━━ Supplied data

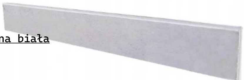
Podmurówka wibroprasowana biała
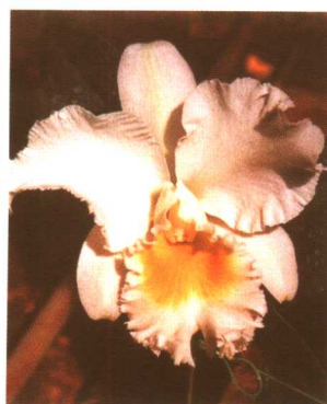
图 2-2-49 卡特兰
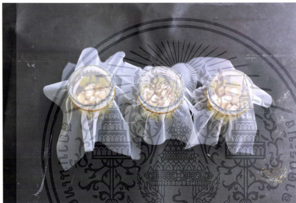
ภาพที่ 4 แสดงการปิดปากขวดแก้วด้วยผ้าขาวบาง

เอกสารนี้เป็นเอกสารที่สงวนไว้สำหรับการใช้งานเพื่อการศึกษาเท่านั้น ไม่อนุญาตให้นำไปใช้ประโยชน์ด้านการค้า ไม่ว่ากรณีใดๆ ทั้งสิ้น อีกทั้งห้ามมิให้ดัดแปลงเนื้อหา และต้องอ้างอิงถึงเจ้าของเอกสารทุกครั้งที่มีการนำไปใช้
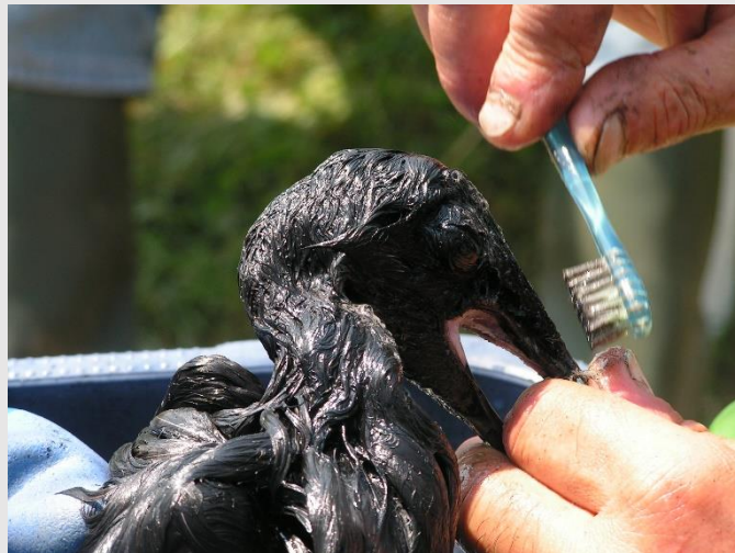
Lavage d'un goéland argenté
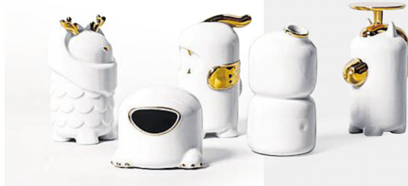
极简物系列的现代风水五件套。

底挖出珊瑚做成饰品，被物化的美始终不敌浸泡在水中时，自然栖息状态下的美感。从水中取出后，珊瑚是无光泽的水晶骨架，只有被浸没在水中，才能展现出自然赋予的真色彩。
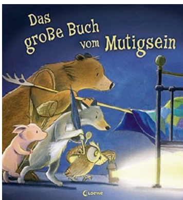
Jane Chapman und Tim Warnes Das große Buch vom Mutigsein Ab 3 Jahren, Loewe-Verlag, 12,62 €

Warum dieses Buch: Unheimliche Geräusche, Schatten an der Wand, Angst vor der Dunkelheit und Sorge bei Gewitter begleiten jedes Kind hin und wieder. In diesen drei liebevoll illustrierten Bilderbuchgeschichten geht es um „Angstfrösche“ und „Mutbären“. Jeder sucht Hilfe und bekommt sie auf eine andere Weise. Beim Vorlesen entsteht ein bisschen Spannung, die sich am Ende durch originelle Wendungen in befreitem Lachen löst.
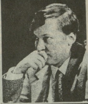
ანაკროპი ჰიუსის გარდა...
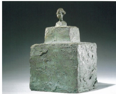
Alberto Giacometti , Petit buste de Silvio sur double socle , 1942 ;
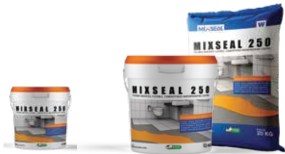
Đóng sẵn trong bộ 32 Kg hoặc thùng 4kg

Độ tiêu hao vật liệu cho 2 lớp: 2.0 -3.0 (kg/m 2 ) Sử dụng tốt trong 12 tháng kể từ ngày sản xuất khi bao bì nguyên vẹn chưa mở. Lưu trữ nơi khô ráo, thoáng mát.
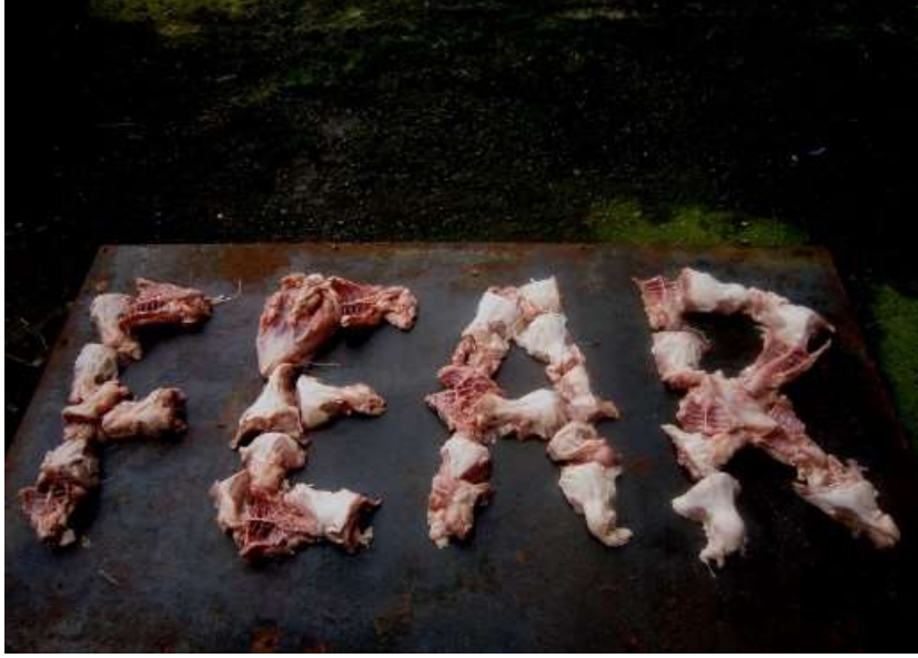
Resim 1. Christopher Scott, Put Yourself in Their Shoes, 2011.
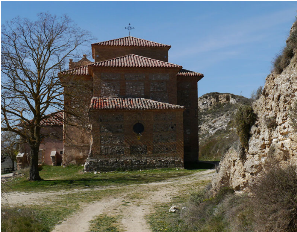
11. Santuario de san Vitores, entre Cerezo y Fresno de Río Tirón, donde estuvo la cueva y está su sepulcro

la realidad, como todas las representaciones. Ya hemos visto que no es ni el territorio ni el medio ambiente, aunque tenga mucho de ambos. Convertir la realidad en representación, o, si se quiere decir de forma más categórica, en ficción es lo que permitió a la humanidad liberarse de la dictadura de la naturaleza, a la que están sometidos los demás animales, y crear la cultura mediante el empleo de signos, el más importante de los cuales es el signo lingüístico, la palabra. La representación nos permite «distanciarse de la cosa como la palabra o el signo en general se distancian de ella para poder “decirla”, para entender su sentido» 32 .
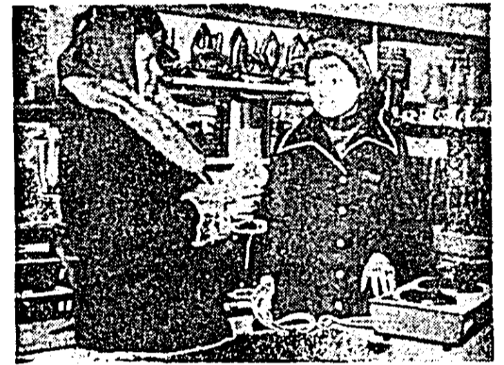
În mod aprovisionat, asigurînd o servitire optimă cumpărătorilor, magazinul nr. 113 — electric al I.C.S.M.I. Arad cunoaște zilnic o mare afliuență de solicitanți.

Circumscripția financiară a municipiului anunță proprietarii particulari de mijloace de transport (autoturisme, motociclete, motoare, bărci cu și fără motor) că sînt obligați să achite impozitul și prima de asigurare integral pînă la 31 martie a.c. După expirarea termenului se calculează majorări.
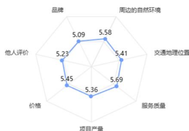
图 1 影响消费者选择共享农场的各要素

用。服务质量以 5.69 的高影响值，成为调查对象选择过程中最关键的因素，这可能由农场多元业务模式以及消费者放松娱乐的内在需求共同决定的。环境要素（5.58）、价格要素（5.45）、地理要素（5.41）紧随其后，体现了调查对象在选择共享农场时，周边的自然环境、农场性价比、交通便利性也是主要考量因素。
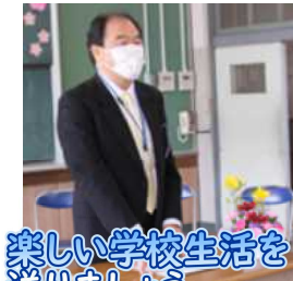
楽しい学校生活を送りたい

今年1年の目標は立てましたか？小さなことでも「できた!」「わかった!」をたくさん経験して、目標の達成を目指したいですね。
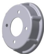
УСМК-5,4В.03.018 Обод наружный Материал: ОК360. m = 0,58 кг.
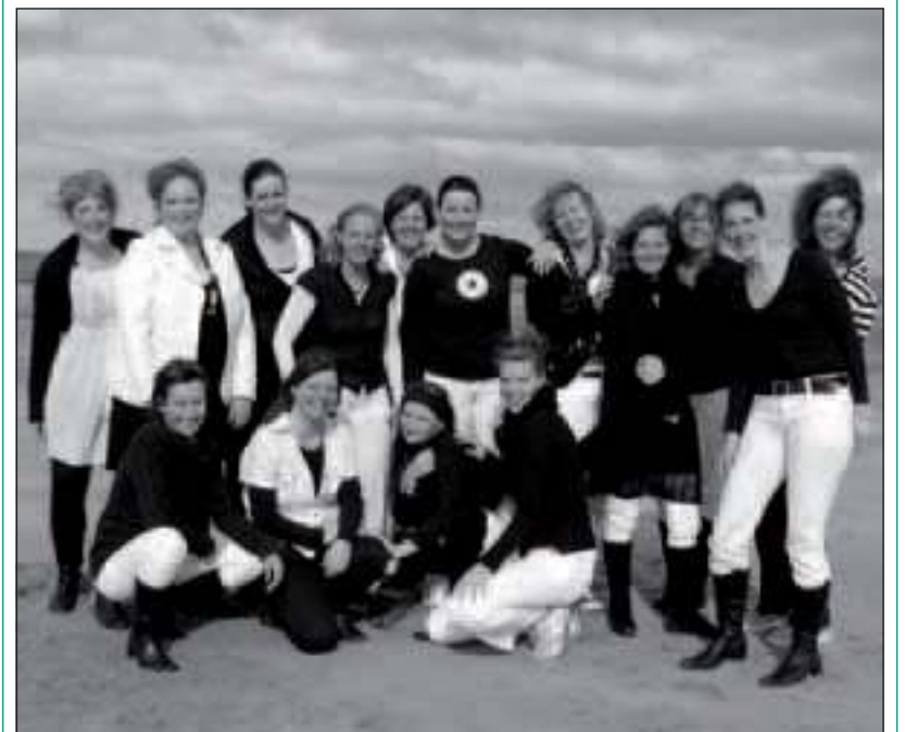
Vocalgroup Esperanto: veertien zingende vrouwen, die met hun enthousiasme en energieke uitstraling een verrassende en boeiende vocale omlijsting van de Zomerfair voor hun rekening nemen.

Een grote markt met zo'n 30 kramen met voor elk wat wils. Creatieve kramen, beeldenkraam, leuke activiteiten voor de kinderen, een rommelmarkt, een Oosterse kraam en een echt Oosters Theehuis. Het Rad van Fortuin en een loterij met veel mooie prijzen, lekker eten en drinken en veel muziek. O.a.: de Vocalgroup Esperanto uit Hilversum: 14 vrouwen o.l.v. dirigent Hans van Breugel en vierstemmig zingend, vooral lichte popmuziek. Zij treden rond 11.00u. 12.00u. 13.30u. en 14.30u. op. Maar ook een pianist die op deze mooie locatie concerten zal geven en natuurlijk het enige echte Smartlappenkoor, bestaande uit enkel en alleen medewerkers en vrijwilligers van St. Elisabeth. Kortom het belooft een prachtige, gezellige dag te worden. Komt u ook? Verpleeghuis St. Elisabeth, Kloosterlaan 29 te Lage Vuursche
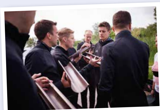
Aus diesen Bauteilen entsteht am Ende eine möglichst lange Rinne, durch die ein Golfball rollt.
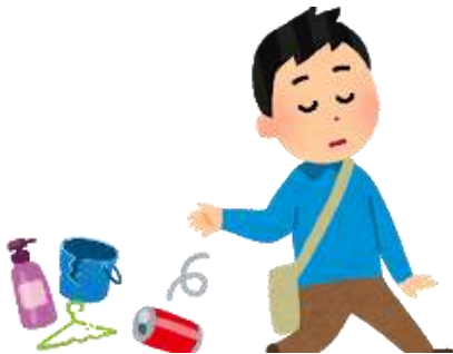
街中でごみをポイ捨て

★適正処理されないプラスチックごみが、風雨により河川に入り、海へ流出。海岸の汚染や海洋生物に悪影響を及ぼすなど、環境衛生上大きな問題となっています。
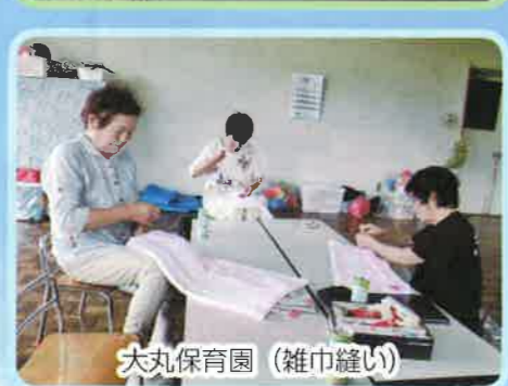
大丸保育園（雑巾縫い）
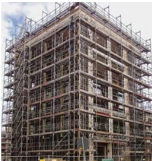
Randlagen von Großstädten verwandeln sich in Luxusviertel – bisher ohne Auswirkung auf die Grundsteuer. Baustelle in Düsseldorf.

Die Wohnungsspekulanten sollen darüber herzhaft gelacht haben. ff olaf cless
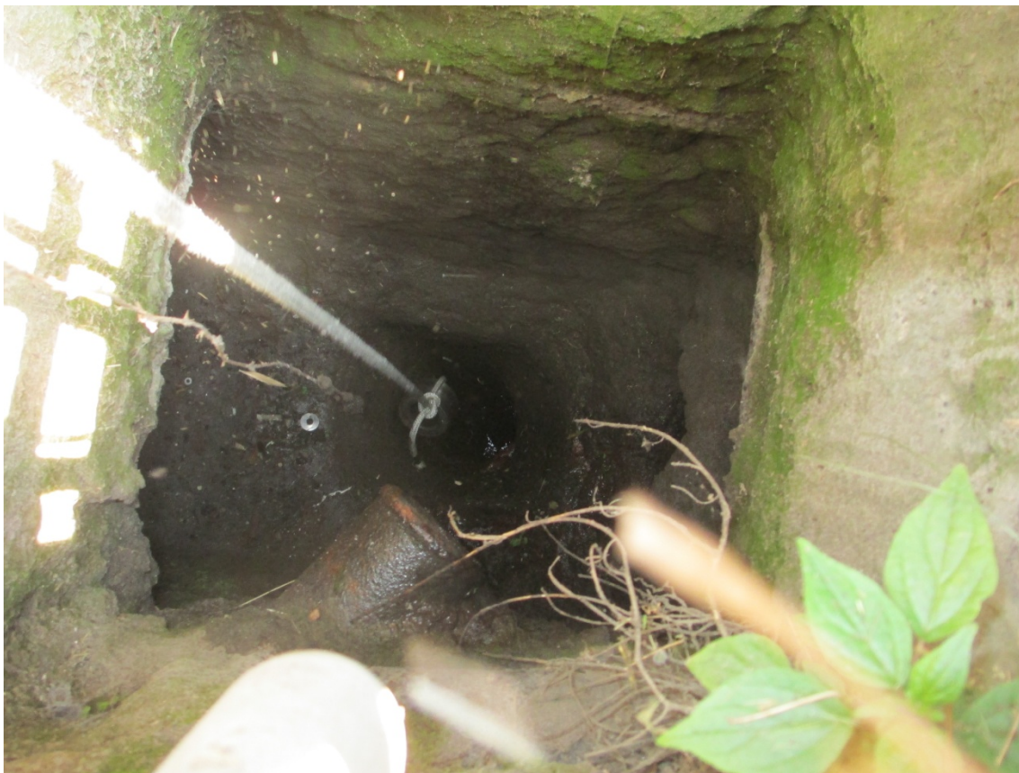
Foto 12: dettaglio deflusso tombinato visto dall'alto da chiusino con verifica speditiva quota fondo
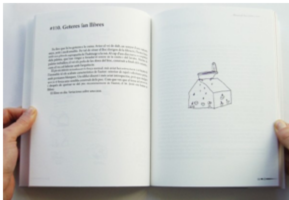
Maneres de (no) entrar a casa (2011) Alicia Kopf

A Maneres de (no) entrar a casa (2011), l'artista Alicia Kopf proposa pensar sobre el fet de marxar de casa quan ets jove en un context de crisi arran de la bombolla immobiliària. Si la paràbola de la joventut en aquell moment era haver passat de no poder entrar a una casa pròpia per no poder assumir el cost econòmic a no poder sortir de la casa familiar, avui, el gest comú per intentar combatre la precarietat juvenil passa per marxar a viure lluny. És per això que ens trobem amb un augment exponencial de les relacions a distància. En aquest context de distància s'activen petits gestos per combatre-la. He recollit quatre d'aquests gestos que han tingut lloc al llarg dels últims dos anys, dins una petita publicació titulada Maneres d'apropar-nos tot i estar a distància .
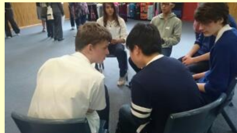
■86 聞き取れないなら 顔を近づけて(15/11/04 13:41)
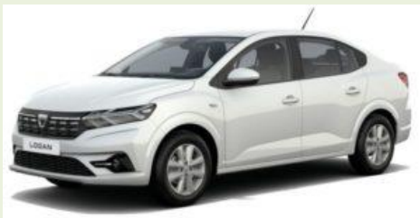
Logan 3 Tce 90 GNV
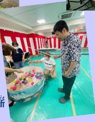
おたせいかつじゅうじょ 大田生活実習所

9月20日、新井宿福祉園、大田 生活実習所、はぎなか園で 3 施設合同による「夏祭り」が開催 されました。
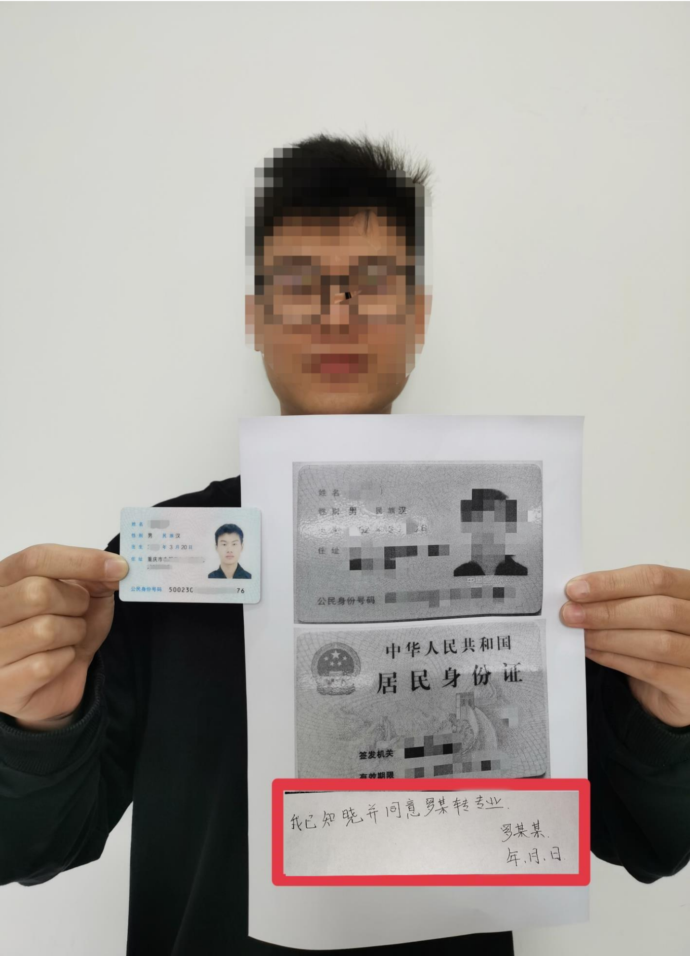
(3) 家长本人手持身份证原件及带签字的身份证复印件照片
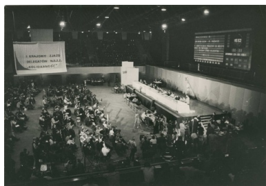
I Krajowy Zjazd Delegatów NSZZ „Solidarność” w Gdańskiej Hali Olivia

skonstruować przyszłościowy, strategiczny plan działania. Powszechnie sądzono, że moment taki nadejdzie w trakcie pierwszego zjazdu NSZZ „Solidarność”, na którym po raz pierwszy w czasach PRL delegaci wyłonieni zostali przy pełnym przestrzeganiu demokratycznych procedur. Zjazd musiał też przynieść odpowiedź na zasadnicze, niezwykle doniosłe pytanie: czy „Solidarność” pozostaje w ramach czysto związkowych, czy też akceptuje oficjalnie publicznie pełnioną rolę ruchu społecznego.

━━━━

What this task involves — Print the listing word for word, but omit the pictures.

Exercise response —
Podmurówka wibroprasowana biała
图 2-2-49 卡特兰
ภาพที่ 4 แสดงการปิดปากขวดแก้วด้วยผ้าขาวบาง

เอกสารนี้เป็นเอกสารที่สงวนไว้สำหรับการใช้งานเพื่อการศึกษาเท่านั้น ไม่อนุญาตให้นำไปใช้ประโยชน์ด้านการค้า ไม่ว่ากรณีใดๆ ทั้งสิ้น อีกทั้งห้ามมิให้ดัดแปลงเนื้อหา และต้องอ้างอิงถึงเจ้าของเอกสารทุกครั้งที่มีการนำไปใช้
Lavage d'un goéland argenté
极简物系列的现代风水五件套。

底挖出珊瑚做成饰品，被物化的美始终不敌浸泡在水中时，自然栖息状态下的美感。从水中取出后，珊瑚是无光泽的水晶骨架，只有被浸没在水中，才能展现出自然赋予的真色彩。
Jane Chapman und Tim Warnes Das große Buch vom Mutigsein Ab 3 Jahren, Loewe-Verlag, 12,62 €

Warum dieses Buch: Unheimliche Geräusche, Schatten an der Wand, Angst vor der Dunkelheit und Sorge bei Gewitter begleiten jedes Kind hin und wieder. In diesen drei liebevoll illustrierten Bilderbuchgeschichten geht es um „Angstfrösche“ und „Mutbären“. Jeder sucht Hilfe und bekommt sie auf eine andere Weise. Beim Vorlesen entsteht ein bisschen Spannung, die sich am Ende durch originelle Wendungen in befreitem Lachen löst.
ანაკროპი ჰიუსის გარდა...
Alberto Giacometti , Petit buste de Silvio sur double socle , 1942 ;
Đóng sẵn trong bộ 32 Kg hoặc thùng 4kg

Độ tiêu hao vật liệu cho 2 lớp: 2.0 -3.0 (kg/m 2 ) Sử dụng tốt trong 12 tháng kể từ ngày sản xuất khi bao bì nguyên vẹn chưa mở. Lưu trữ nơi khô ráo, thoáng mát.
Resim 1. Christopher Scott, Put Yourself in Their Shoes, 2011.
11. Santuario de san Vitores, entre Cerezo y Fresno de Río Tirón, donde estuvo la cueva y está su sepulcro

la realidad, como todas las representaciones. Ya hemos visto que no es ni el territorio ni el medio ambiente, aunque tenga mucho de ambos. Convertir la realidad en representación, o, si se quiere decir de forma más categórica, en ficción es lo que permitió a la humanidad liberarse de la dictadura de la naturaleza, a la que están sometidos los demás animales, y crear la cultura mediante el empleo de signos, el más importante de los cuales es el signo lingüístico, la palabra. La representación nos permite «distanciarse de la cosa como la palabra o el signo en general se distancian de ella para poder “decirla”, para entender su sentido» 32 .
În mod aprovisionat, asigurînd o servitire optimă cumpărătorilor, magazinul nr. 113 — electric al I.C.S.M.I. Arad cunoaște zilnic o mare afliuență de solicitanți.

Circumscripția financiară a municipiului anunță proprietarii particulari de mijloace de transport (autoturisme, motociclete, motoare, bărci cu și fără motor) că sînt obligați să achite impozitul și prima de asigurare integral pînă la 31 martie a.c. După expirarea termenului se calculează majorări.
图 1 影响消费者选择共享农场的各要素

用。服务质量以 5.69 的高影响值，成为调查对象选择过程中最关键的因素，这可能由农场多元业务模式以及消费者放松娱乐的内在需求共同决定的。环境要素（5.58）、价格要素（5.45）、地理要素（5.41）紧随其后，体现了调查对象在选择共享农场时，周边的自然环境、农场性价比、交通便利性也是主要考量因素。
楽しい学校生活を送りたい

今年1年の目標は立てましたか？小さなことでも「できた!」「わかった!」をたくさん経験して、目標の達成を目指したいですね。
УСМК-5,4В.03.018 Обод наружный Материал: ОК360. m = 0,58 кг.
Vocalgroup Esperanto: veertien zingende vrouwen, die met hun enthousiasme en energieke uitstraling een verrassende en boeiende vocale omlijsting van de Zomerfair voor hun rekening nemen.

Een grote markt met zo'n 30 kramen met voor elk wat wils. Creatieve kramen, beeldenkraam, leuke activiteiten voor de kinderen, een rommelmarkt, een Oosterse kraam en een echt Oosters Theehuis. Het Rad van Fortuin en een loterij met veel mooie prijzen, lekker eten en drinken en veel muziek. O.a.: de Vocalgroup Esperanto uit Hilversum: 14 vrouwen o.l.v. dirigent Hans van Breugel en vierstemmig zingend, vooral lichte popmuziek. Zij treden rond 11.00u. 12.00u. 13.30u. en 14.30u. op. Maar ook een pianist die op deze mooie locatie concerten zal geven en natuurlijk het enige echte Smartlappenkoor, bestaande uit enkel en alleen medewerkers en vrijwilligers van St. Elisabeth. Kortom het belooft een prachtige, gezellige dag te worden. Komt u ook? Verpleeghuis St. Elisabeth, Kloosterlaan 29 te Lage Vuursche
Aus diesen Bauteilen entsteht am Ende eine möglichst lange Rinne, durch die ein Golfball rollt.
街中でごみをポイ捨て

★適正処理されないプラスチックごみが、風雨により河川に入り、海へ流出。海岸の汚染や海洋生物に悪影響を及ぼすなど、環境衛生上大きな問題となっています。
大丸保育園（雑巾縫い）
Randlagen von Großstädten verwandeln sich in Luxusviertel – bisher ohne Auswirkung auf die Grundsteuer. Baustelle in Düsseldorf.

Die Wohnungsspekulanten sollen darüber herzhaft gelacht haben. ff olaf cless
Foto 12: dettaglio deflusso tombinato visto dall'alto da chiusino con verifica speditiva quota fondo
Maneres de (no) entrar a casa (2011) Alicia Kopf

A Maneres de (no) entrar a casa (2011), l'artista Alicia Kopf proposa pensar sobre el fet de marxar de casa quan ets jove en un context de crisi arran de la bombolla immobiliària. Si la paràbola de la joventut en aquell moment era haver passat de no poder entrar a una casa pròpia per no poder assumir el cost econòmic a no poder sortir de la casa familiar, avui, el gest comú per intentar combatre la precarietat juvenil passa per marxar a viure lluny. És per això que ens trobem amb un augment exponencial de les relacions a distància. En aquest context de distància s'activen petits gestos per combatre-la. He recollit quatre d'aquests gestos que han tingut lloc al llarg dels últims dos anys, dins una petita publicació titulada Maneres d'apropar-nos tot i estar a distància .
■86 聞き取れないなら 顔を近づけて(15/11/04 13:41)
Logan 3 Tce 90 GNV
おたせいかつじゅうじょ 大田生活実習所

9月20日、新井宿福祉園、大田 生活実習所、はぎなか園で 3 施設合同による「夏祭り」が開催 されました。
(3) 家长本人手持身份证原件及带签字的身份证复印件照片
I Krajowy Zjazd Delegatów NSZZ „Solidarność” w Gdańskiej Hali Olivia

skonstruować przyszłościowy, strategiczny plan działania. Powszechnie sądzono, że moment taki nadejdzie w trakcie pierwszego zjazdu NSZZ „Solidarność”, na którym po raz pierwszy w czasach PRL delegaci wyłonieni zostali przy pełnym przestrzeganiu demokratycznych procedur. Zjazd musiał też przynieść odpowiedź na zasadnicze, niezwykle doniosłe pytanie: czy „Solidarność” pozostaje w ramach czysto związkowych, czy też akceptuje oficjalnie publicznie pełnioną rolę ruchu społecznego.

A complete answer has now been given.